Auto Repair - Other
An automotive cooling system design.

Cooling System Problems

An automotive cooling system design.
Dan Ferrell's image for:
"Cooling System Problems"
Caption: An automotive cooling system design.
Image by: Photo courtesy of Vibby on Wikimedia.

Trying to find the cause of cooling system problems in your vehicle can be like trying to solve a puzzle at times. However, coolant leaks, engine overheating and overcooling are three of the most common issues to affect this system. Thus, a professional mechanic knows there are some specific components and maintenance issues associated with one or more of these conditions. This simple guide will tell you which parts and operating states are the most likely to be causing trouble, so that you can fix your cooling system faster.

Cooling system leaks

This is one of the most common problems affecting a vehicle's cooling system. As components wear out, leaks begin to make their way through weakened joints and mating surfaces. In most cases, a simple visual inspection can reveal the source of the problem.

There's usually a telltale wet spot around the engine, an accessory or on the floor—where you park your vehicle—that may tell you where that leak is coming from. Look for darkened areas around the radiator or heater core; a wet area around the hose of one of these components, the water pump or the engine block. However, if you're sure you are dealing with a system leak but can't seem to find the culprit, you might be dealing with an internal problem, such as a cracked water jacket or cylinder head gasket. In this case, it is a good idea to take your vehicle to a service shop for a cooling system pressure test to find the source.

Engine operates above normal temperature

Vehicle engines are designed to operate at a temperature that oscillates between 180 and 210 degrees Fahrenheit (80 and 100 degrees Celsius). Although cooling system leaks are a common cause of engine overheating, they are not the only ones. Check the coolant level in your system and add the recommended antifreeze-mixed with 50 percent distilled water-to the reservoir to bring the coolant to the correct level, if necessary. Also, look for a loose or worn out fan belt; a radiator outer face covered with dead leaves, bugs and other debris; a failing and/or noisy water pump; a failing radiator fan or a thermostat stuck in the closed position.

A particular problem that many car owners fail to prevent is rust buildup inside the radiator. Over time, rust will clog internal core tubes, severely restricting coolant flow and increasing engine-operating temperature. If left unattended, rust will reach, corrode and destroy the water pump and engine core plugs as well. You can prevent rust buildup by performing a radiator flush when replacing the coolant in the system. This is usually done every two years, when corrosion inhibitors in the antifreeze begin to lose their working properties. Consult your car owner's manual for the recommended coolant change intervals for your particular car make and model.

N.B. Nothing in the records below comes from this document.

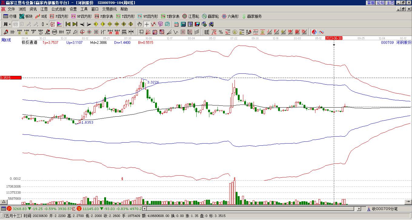 河鋼股份(000709)根據(jù)贏家江恩極反通道趨勢工具展示,上方壓力位2.6423,下方支撐位2.3854。河鋼股份(000709)處于贏家江恩多頭主線形態(tài),今日再次發(fā)出江恩底分型并發(fā)出江恩筑底信號,中
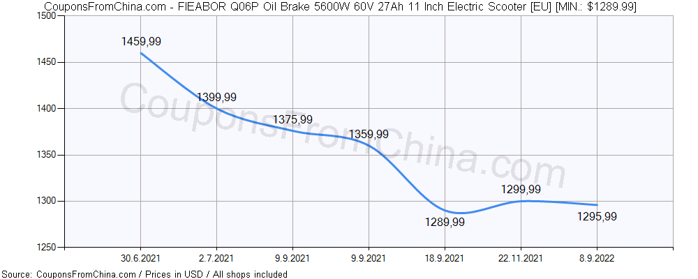 Do you need price history chart (for all/most countries) for FIEABOR Q06P Oil Brake 5600W 60V 27Ah 11 Inch Electric Scooter [EU]? There we go. The lowest price was: $1289.99.
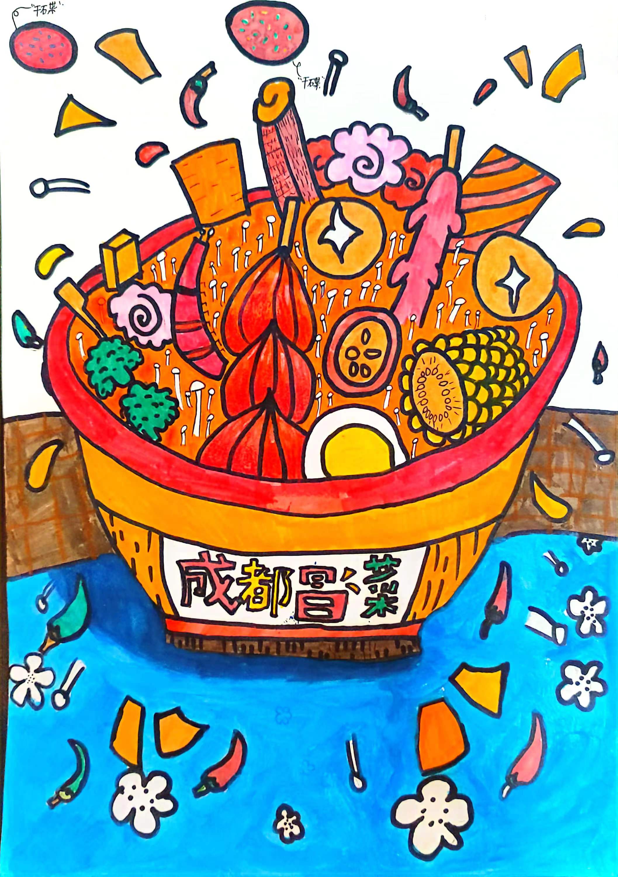 冒菜是一道一肉类、豆制品、青菜、海鲜、菌菇等为主要食材制作的菜品,起源于成都,具有四川特色的传统小吃。冒菜最为讲究的吃为“干碟”,即在小碟中放置干的辣椒粉,加上盐,味精等的调料,将锅里烫好的菜在干碟里轻轻地一蘸,然后就可以送进嘴里,味道又香又辣,甚为可口。

Engine operates bellow normal temperature

Although leaks and overheating are two of the most serious problems affecting a car's cooling system, overcooling can be just as bad. Overcooling not only makes it much more difficult for your engine to reach operating temperature, but also leads to bad engine performance, an increase in fuel consumption and parts wear. When dealing with an overcooling engine, look for a radiator fan operating continuously. This may be due to a shorted fan switch or a stuck fan clutch, if your vehicle is equipped with it. Also, check if your thermostat is stuck in the open position, allowing the coolant to circulate continuously between the engine and radiator, and preventing your engine from reaching an adequate temperature.

Of course, the on-board diagnostic (OBD) system in your car can help you repair the cooling system as well, depending on your vehicle make and model. The OBD system or car computer can store a trouble code due to a failing sensor-like the coolant temperature sensor and oil temperature sensor-or some other cooling related electrical circuit. Many auto parts stores now will retrieve this trouble code for you, free of charge, if your car's check engine light has been activated.

Coolant leaks, engine overheating and overcooling are the most likely cooling system problems you will have to deal with when the system fails to work as it should. However, as you already learned, there are some common parts and performance issues associated with these problems. Whatever the cause, keep this simple guide handy to steer you in the right direction and help you get your cooling system, and your car, back in shape and on the road.